- Instructions to follow: Please repeat each line from the one holding "ZURI® PREMIUM DECKING" through the final line of the data, exactly as it stands, with no pictures.

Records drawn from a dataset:
⁂

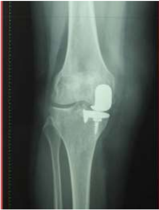
Fig. 1. Anteroposterior radiograph of right knee showing the unicompartmental prosthesis.
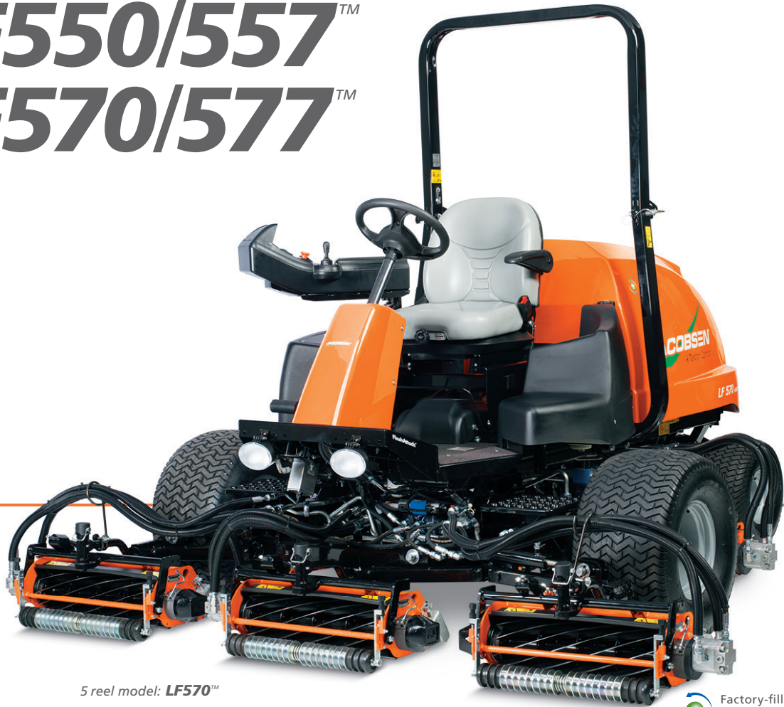
5 reel model: LF570™

Factory-filled with GreensCare Biodegradable Hydraulic Fluid
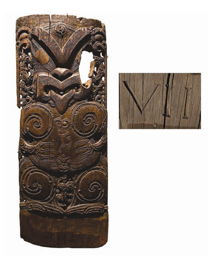
Figure 5. Poupou (wall carving, left) "VII" (Kendall no. 7) and detail (right) of Roman numeral from back, Ethnologisches Museum, Berlin, VI 31790.

one, that pervade Kendall's writings on the taonga and Māori spirituality, calling this out as "completing for himself the Christian Godhead" (p. 145). The figure "suspended from the breast" is a manaia (beaked character in profile) on the Berlin poupou and not a serpent—with all of its biblical allusions—described by Kendall. On either side of the main figure's head are female manaia and between the main figure's legs is a female tiki (carved figure in an abstract form of a human). A wrought-iron screw is fixed to the back of the poupou. It may be a remnant of the fixings Kendall used for his "cards", since such screws were produced in the mission's blacksmith workshop at Rangihoua (Smith 2019: 118).<sup>11</sup>
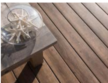
ZURI® PREMIUM DECKING
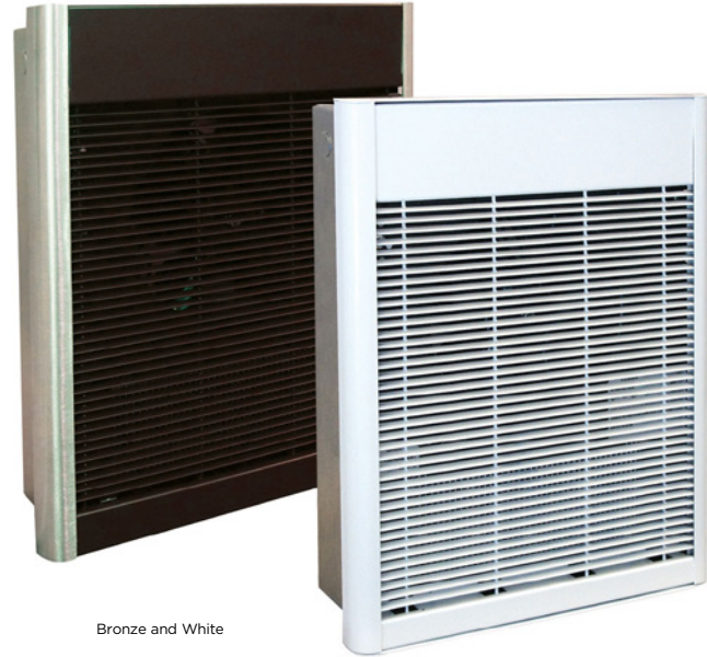
Bronze and White
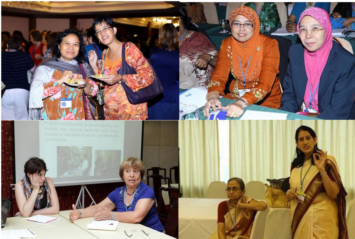
Participants during the opening reception and workshops
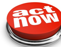
Things You Have to Do

⁂

- Solution for this task:
ZURI® PREMIUM DECKING
Bronze and White
Participants during the opening reception and workshops
Things You Have to Do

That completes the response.